Another strategy is to reuse pre-allocated buffers. That is, you avoid reallocating memory. You just allocate memory once and reuse the blocks of memory.
The main API involves allocating a document::parser
, and calling parser.parse()
to create a fully navigable document-object-model (DOM) view of a JSON document. The DOM can be accessed via JSON Pointer paths, or as an iterator (document::iterator(doc)
). See 'Navigating the parsed document' for more.
All examples below use use #include "simdjson.h"
, #include "simdjson.cpp"
and using namespace simdjson;
.
The simplest API to get started is document::parse()
, which allocates a new parser, parses a string, and returns the DOM. This is less efficient if you're going to read multiple documents, but as long as you're only parsing a single document, this will do just fine.

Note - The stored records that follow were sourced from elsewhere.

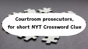The term "for short" signals that the clue requires an abbreviation; "DA" stands for District Attorney, and the plural "DAS" refers to multiple such officials. These prosecutors are responsible for reviewing evidence, filing charges, conducting trials, and working with law enforcement to prosecute individuals accused of crimes.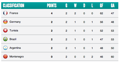 A classificação de fato está embolada, ainda mais após os outros jogos do grupo na segunda rodada. A França é a única que não deve ter dificuldade de se classificar, e segue invicta e líder, com 4 pontos. A Tunísia é a grande surpresa do grupo, impondo dificuldade sobre a França no primeiro jogo (30×27) e vencendo a Alemanha no segundo (25×23).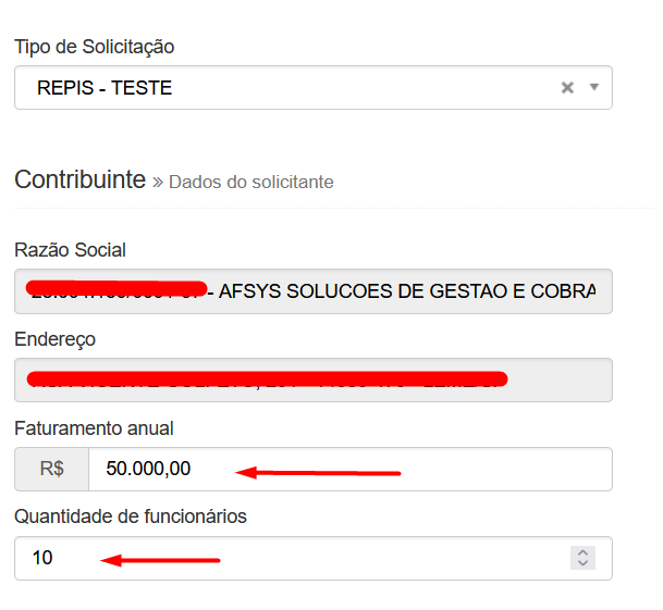 • Solicitação repis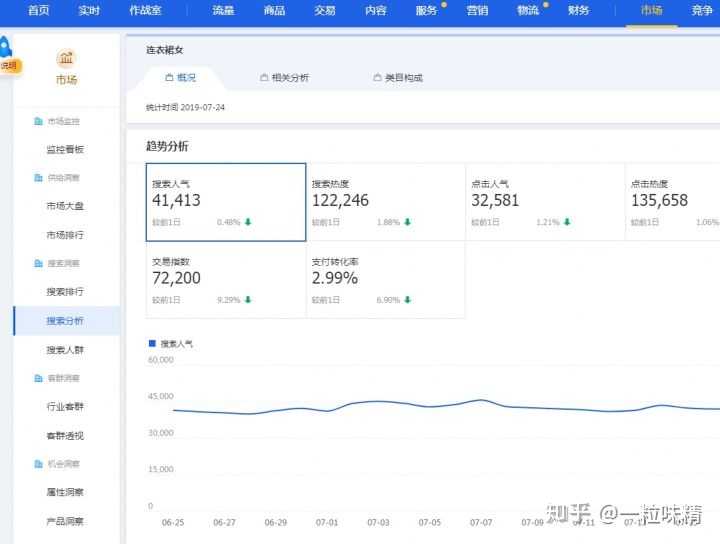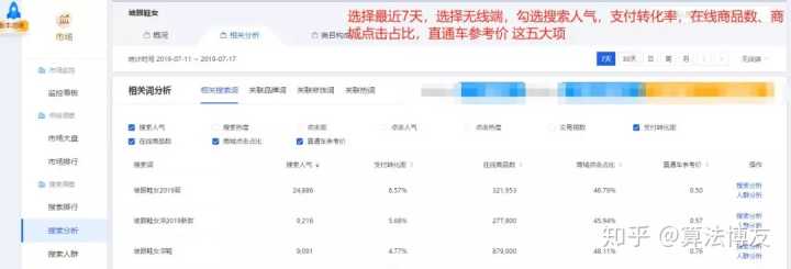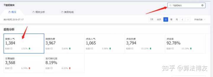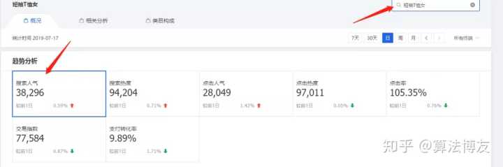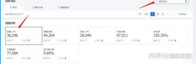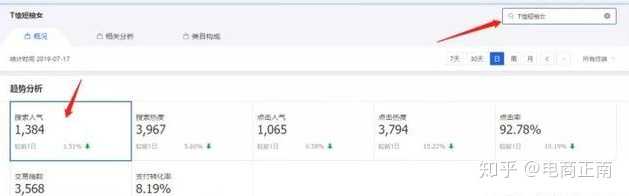 查看7天的数据,重点关注搜索人气,点击率,转化率,在线商品以及商城占比这5个数据。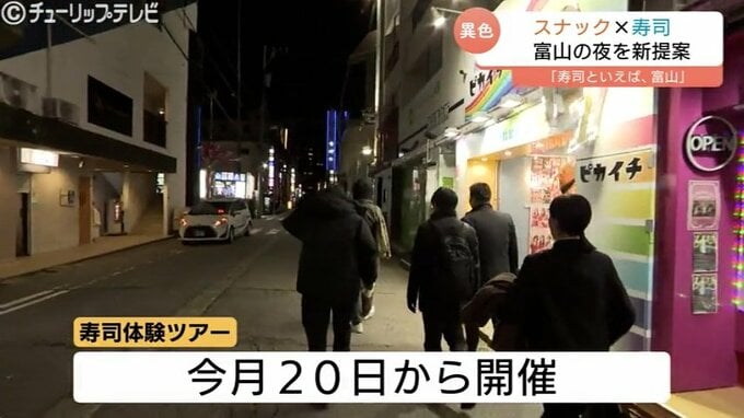 スナックと寿司を掛け合わせた、異色の体験ツアーは今月20日から開催されます。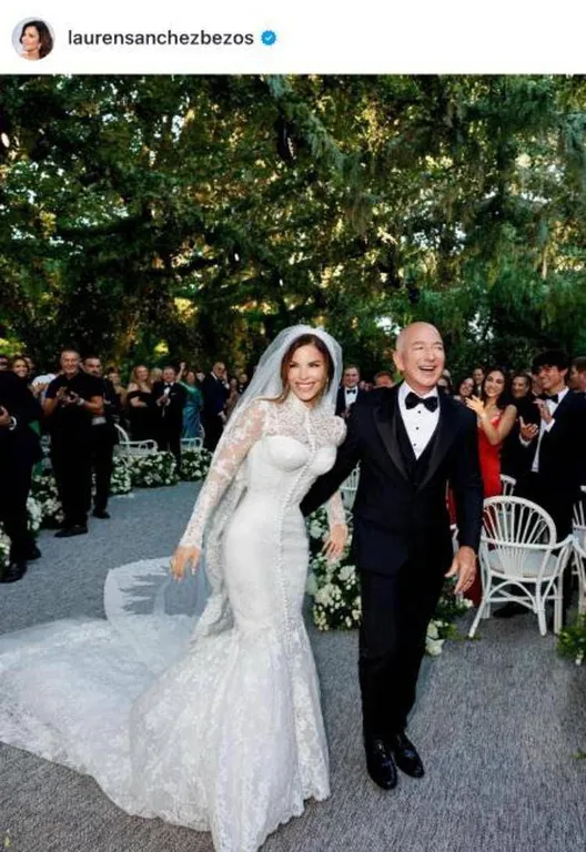 Lauren Sánchez aggiunge "Bezos" al suo cognome, condividendo una foto di sé in un meraviglioso abito da sposa bianco e aggiornando il suo nome sul profilo Instagram. La giornalista, che questa sera ha celebrato le nozze con il fondatore di Amazon, Jeff Bezos, sull'isola di San Giorgio a Venezia, ha mostrato per la prima volta l'abito nuziale sul suo profilo Instagram cambiando anche il nome visualizzato in "Lauren Sanchez Bezos" e aggiungendo la data "27/6/2025" e un cuoricino.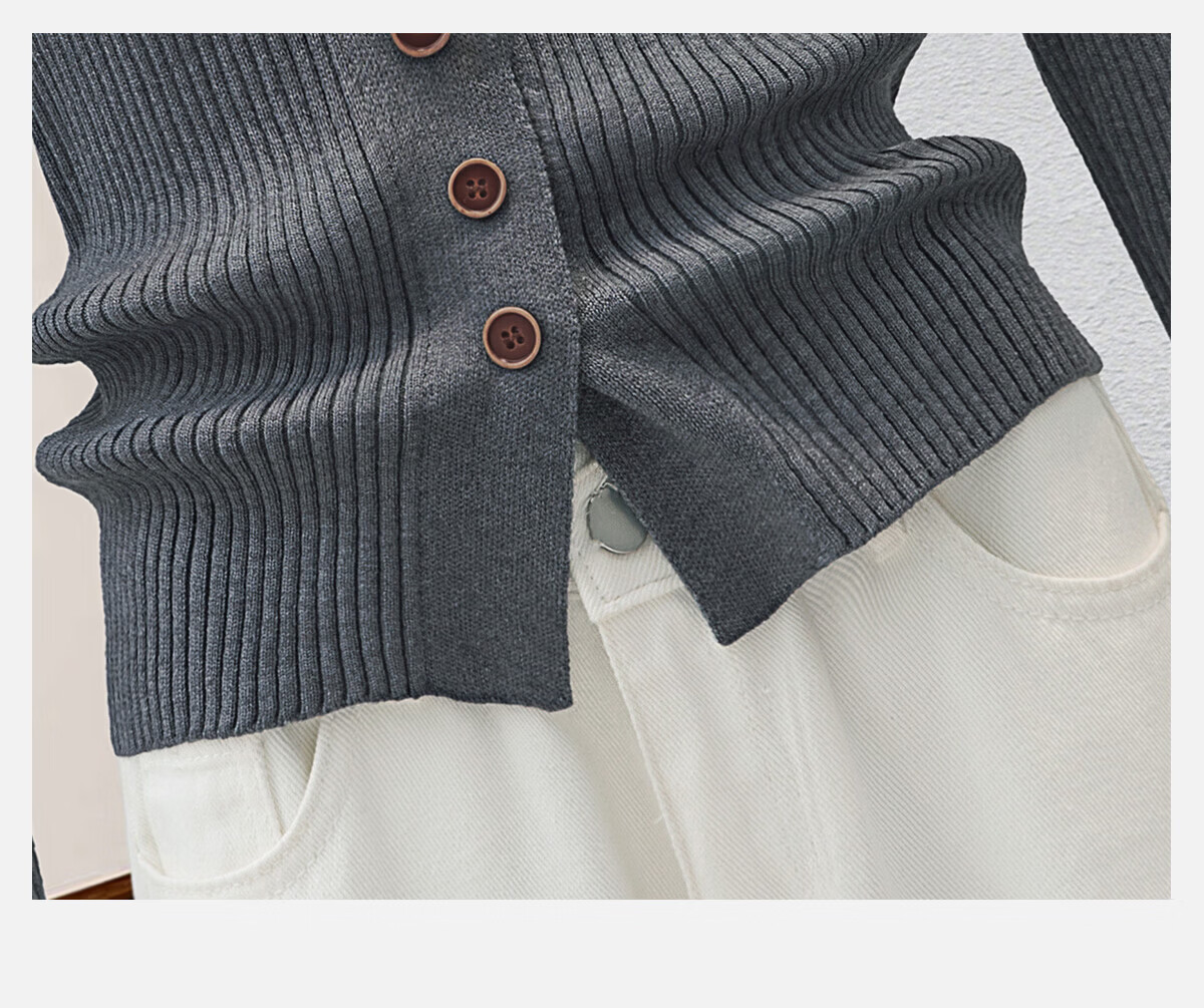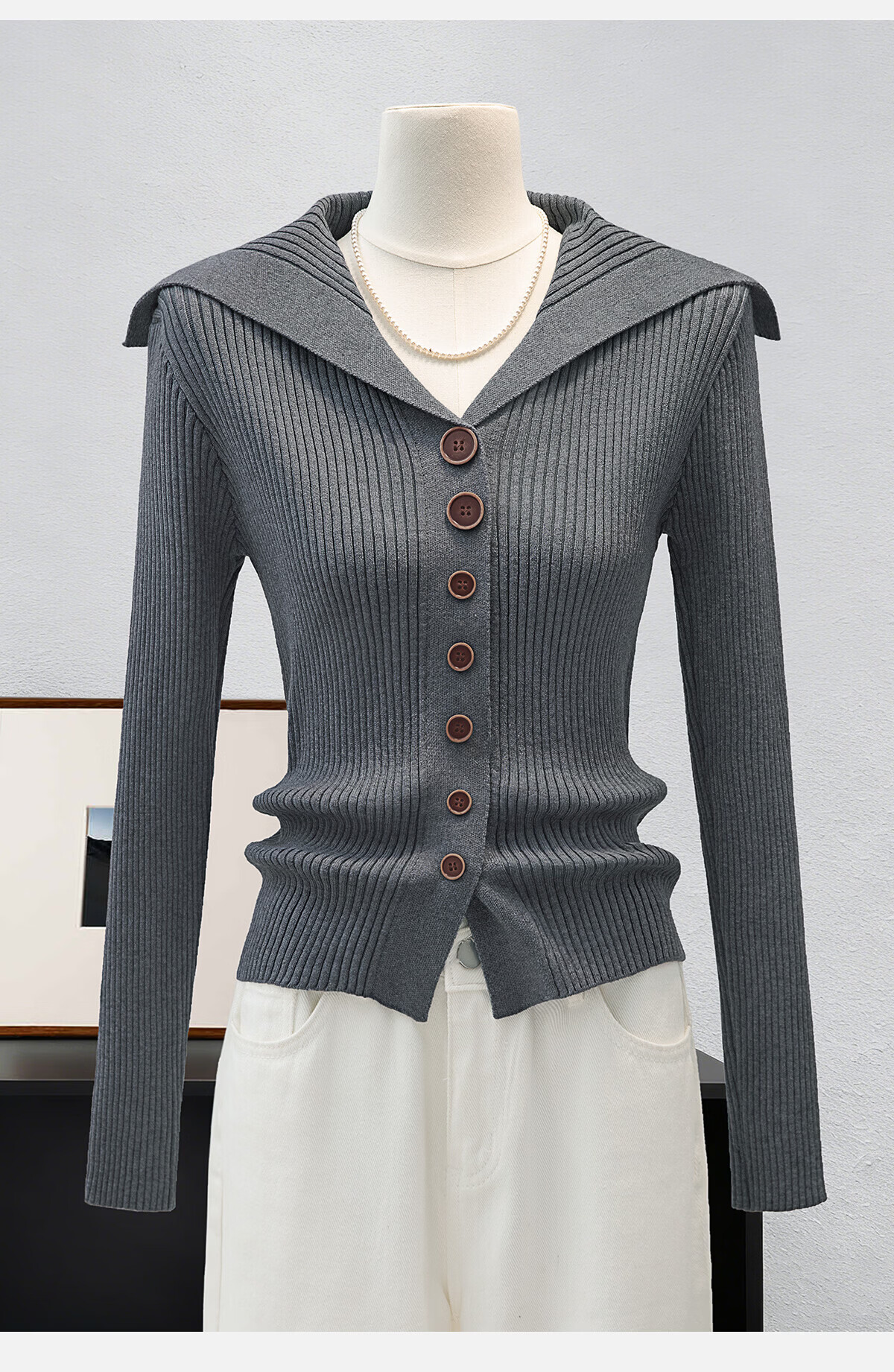 Sibaishe Solid Color Long Sleeve Knitted Cardigan Women's 2026 Spring New Fashion Long Sleeve Slim Fit Top

auto [doc, error] = document::parse(string("[ 1, 2, 3 ]"));
if (error) { cerr << "Error: " << error_meesage(error) << endl; exit(1); }
doc.print_json(cout);
If you're using exceptions, it gets even simpler (simdjson won't use exceptions internally, so you'll only pay the performance cost of exceptions in your own calling code):
document doc = document::parse(string("[ 1, 2, 3 ]"));
doc.print_json(cout);
The simdjson library requires SIMDJSON_PADDING extra bytes at the end of a string (it doesn't matter if the bytes are initialized). The padded_string
class is an easy way to ensure this is accomplished up front and prevent the extra allocation:
document doc = document::parse(padded_string(string("[ 1, 2, 3 ]")));
doc.print_json(cout);
You can also load from a file with get_corpus
:
document doc = document::parse(get_corpus(filename));
doc.print_json(cout);
If you're using simdjson to parse multiple documents, or in a loop, you should allocate a parser once and reuse it (allocation is slow, do it as little as possible!):
// Allocate a parser big enough for all files
document::parser parser;
if (!parser.allocate_capacity(1024*1024)) { exit(1); }
// Read files with the parser, one by one
for (padded_string json : { string("[1, 2, 3]"), string("true"), string("[ true, false ]") }) {
cout << "Parsing " << json.data() << " ..." << endl;
auto [doc, error] = parser.parse(json);
if (error) { cerr << "Error: " << error_message(error) << endl; exit(1); }
doc.print_json(cout);
cout << endl;
}
The simdjson library also support multithreaded JSON streaming through a large file containing many smaller JSON documents in either ndjson or JSON lines format. We support files larger than 4GB.
API and detailed documentation found here.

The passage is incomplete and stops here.